##### DATA PROVIDED #####
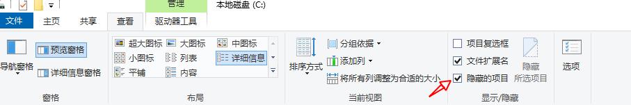 打开本地磁盘(C:)后,切换到 “查看” 选项卡,在 “显示 / 隐藏” 区域,勾选 “隐藏的项目”,这样原本隐藏的文件或文件夹就会显示出来,方便后续操作。
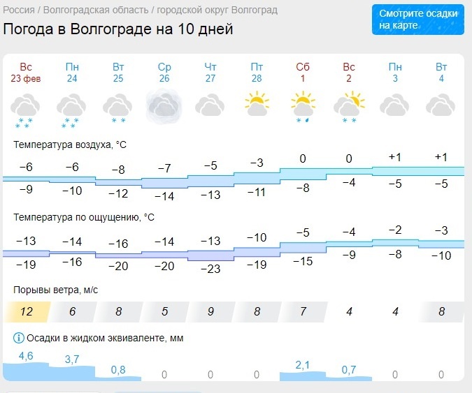 Итак, синоптики уже говорили, что 24 февраля ожидается самым ударным по количеству осадков. Сервис Gismeteo говорит, что за эти три дня, включая сегодняшний, на Волгоград обрушится 10 мм осадков. Тем временем в погодном центре «Фобос» намекают, что ждать возвращения тепла волгоградцам осталось недолго. Но перед этим переживем очень холодный рубеж. В первые дни новой недели жители южной части России действительно местами увидят снег. Судя по всему, к ним относится Волгоград и область. Про температуру и говорить нечего – холоднее обычного. По ощущениям дойдет до -23. И только лишь к четвергу-пятнице зима сжалится над нами, осадки сбавят свои обороты: - В четверг-пятницу вероятность осадков ожидается небольшой, так что воздух станет прогреваться: днём на Кавказе, в низовьях Волги и Дона до −3…+2. Синоптики уже говорили про трехдневное продолжение снегопада и о том, что юг страны теперь будет вынужден мерзнуть до конца февраля. Температурные показатели начнут возвращаться в норму в первые
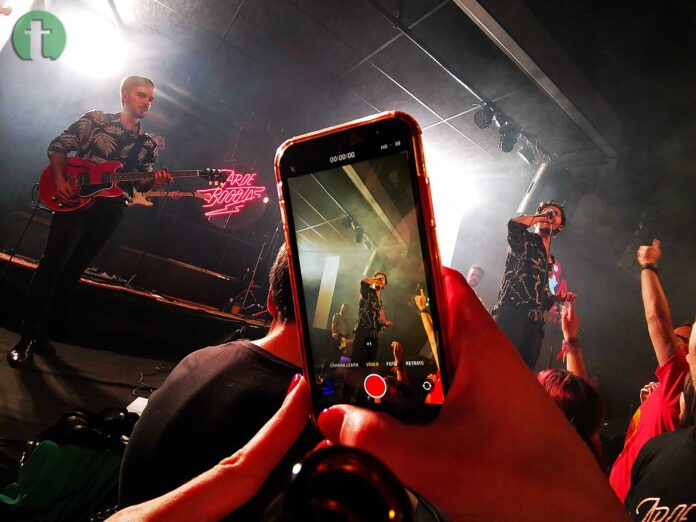 En la imagen, una «foto de una foto» del concierto de Arde Bogotá, una, muy buena banda de rock, que ya está dando mucho que hablar, a pesar de solo un disco publicado («La Noche» 2022). Una de las sensaciones «indies» del momento, con una combinación de letras claras, nada pomposas, y unas ganas de comerse el escenario brutales, que hacen participes a los asistentes que saltan y corean, al unisonó, todas sus canciones.
#####
_YOUR INSTRUCTIONS_: Would you reproduce the listing above in full and exactly, without its pictures?

_TASK SOLUTION_:
 打开本地磁盘(C:)后,切换到 “查看” 选项卡,在 “显示 / 隐藏” 区域,勾选 “隐藏的项目”,这样原本隐藏的文件或文件夹就会显示出来,方便后续操作。
 Итак, синоптики уже говорили, что 24 февраля ожидается самым ударным по количеству осадков. Сервис Gismeteo говорит, что за эти три дня, включая сегодняшний, на Волгоград обрушится 10 мм осадков. Тем временем в погодном центре «Фобос» намекают, что ждать возвращения тепла волгоградцам осталось недолго. Но перед этим переживем очень холодный рубеж. В первые дни новой недели жители южной части России действительно местами увидят снег. Судя по всему, к ним относится Волгоград и область. Про температуру и говорить нечего – холоднее обычного. По ощущениям дойдет до -23. И только лишь к четвергу-пятнице зима сжалится над нами, осадки сбавят свои обороты: - В четверг-пятницу вероятность осадков ожидается небольшой, так что воздух станет прогреваться: днём на Кавказе, в низовьях Волги и Дона до −3…+2. Синоптики уже говорили про трехдневное продолжение снегопада и о том, что юг страны теперь будет вынужден мерзнуть до конца февраля. Температурные показатели начнут возвращаться в норму в первые
 En la imagen, una «foto de una foto» del concierto de Arde Bogotá, una, muy buena banda de rock, que ya está dando mucho que hablar, a pesar de solo un disco publicado («La Noche» 2022). Una de las sensaciones «indies» del momento, con una combinación de letras claras, nada pomposas, y unas ganas de comerse el escenario brutales, que hacen participes a los asistentes que saltan y corean, al unisonó, todas sus canciones.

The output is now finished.